Media exposure greatly influences the formation of these positive or negative responses towards a person or object, he adds.
 
Repeatedly showing images together or combining terms can affect what people believe, he says, by conditioning an association between the two things.
 
“There are certain clichés and stereotypes that are still incorporated in media … its mere co-occurrence and that creates these associations that then lead to these impulsive reactions,” he says.
 
The co-occurrence of the names of Saddam Hussein and Osama Bin Laden during speeches by US President George W. Bush creates a mental association between the men in people’s memory, says Gawronski, even if it was never explicitly said the two were linked.
 
However, it is possible for a person to reflectively change their impulsive responses. In short, we can teach ourselves not to react in an inappropriate way.
 
“Affirming something different or new is more helpful in overcoming these mental associations that are responsible for our immediate affective responses, as compared to negating the contents that have produced these reactions in the first place,” he says.
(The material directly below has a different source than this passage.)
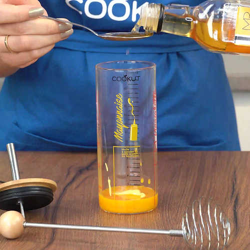 - Mélangez avec le fouet spécial pour obtenir une parfaite émulsion très rapidement.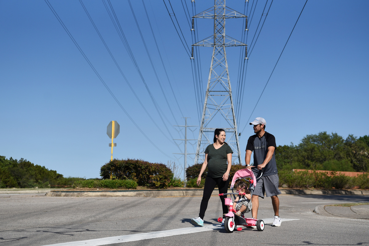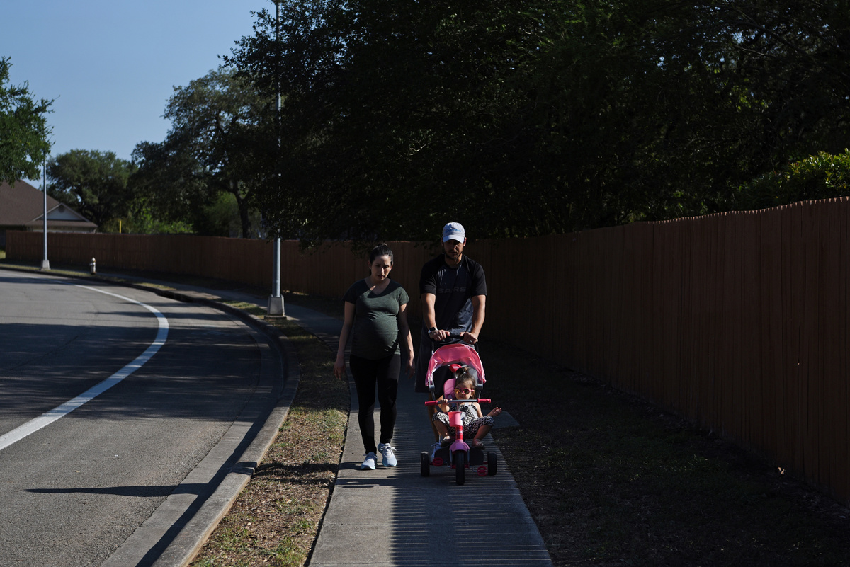 Pregnant nurse Samantha Salinas takes a walk with her husband, Tim, and their daughter, Macie, amid a coronavirus disease (COVID-19) outbreak in San Antonio, Texas, U.S., May 6, 2020. REUTERS/Callaghan O'Hare

For example, many people show favourable responses when they think of former NBA basketball player Michael Jordan as an athlete, but they show negative responses when they think of him in terms of his ethnicity, Gawronski says.
 
Gawronski is examining ways to change people’s impulsive responses to mental illness, apply his method to the treatment of phobias and change a person’s eating habits by conditioning different food associations with positive or negative behavioural responses.
 
“If we can give them advice how they can change their positive response towards chocolate or how they could change their negative impulsive response towards the spider, that’s obviously more helpful than just saying the spider is not really harmful,” he says.
 
The bottom line for Gawronski is that the gut reactions of humans need not be set in stone. With a little work, almost anyone can perform a behaviour makeover.